More important, we must also use our reason to understand and evaluate the laws made by our representatives and judge for ourselves whether government remains accountable to us. Otherwise, how can we know if our representatives are representing us properly or if we are choosing them well? Trump likes to read aloud from the laws in his speeches and to remind his audiences that in a nation of laws, any citizen from “a bad student in high school” to the college educated—should be able to understand the plain meaning of the laws. When we move away from that and toward a regime where understanding the law requires lawyers and experts, the relationship between citizens and law is too distant. We should be able to judge for ourselves whether the courts are following the law. And in Florida, Trump promised tax reform to make the tax code “understandable by everyone.”
Finally, free government requires that we each be governed by our duty to control our own government. Trump affirms that,
the nation state remains the best model for human happiness and the American nation remains the greatest symbol of liberty, of freedom and justice on the face of God’s earth … It’s now that we have our sacred duty and we have no choice and we want this choice to defend our country, to protect its values and to serve its great, great citizens.
Trump seems to understand the words of Declaration that political bodies are necessary to secure men’s rights, but that they must be controlled by citizens according our natural rights and duties.
All of this aligns with Trump’s pledge to unify the country.

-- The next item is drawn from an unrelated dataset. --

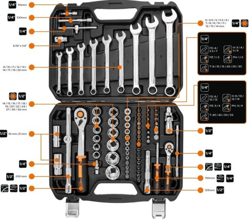 ТОРЦЕВЫЕ КЛЮЧИ NeoTools 10-059 1/2|1/4 [82 шт.]

Quoting from Psalm 133 in his inaugural address, Trump looked to the Biblical lesson of “how good and pleasant it is when God’s people live together in unity.” Christian unity in the Church requires that members live by certain virtues, namely that they be “humble and gentle; be patient, bearing with one another in love.” In other words, life in community requires self-control.
As Lincoln put it, “though passion may have strained it must not break our bonds of affection.” Instead, “the mystic chords of memory” must be maintained by the “better angels of our nature.”
In this, Lincoln is echoing the founders in Federalist No 55. “Republican government,” they tell us, “presupposes the existence” of certain qualities in men. For if “there is not sufficient virtue among men for self-government,” then “nothing less than the chains of despotism can restrain them from destroying and devouring one another.”
Trump may be an unlikely messenger for all of this. Nonetheless, as Lincoln did in 1858, the President of the United States appears to be carrying the message that our common “American heritage” stretches “back to the first day of our American independence” and contains the “principle of self-government.”
We live in exciting times, as Matthew Continetti wrote recently, and “we are about to find out” who rules in the United States. American Greatness publisher Chris Buskirk points out, “both political parties share an affinity for what is essentially an assault on self-government.” But Trump’s understanding of the American brand, it seems, is one in which we rule ourselves.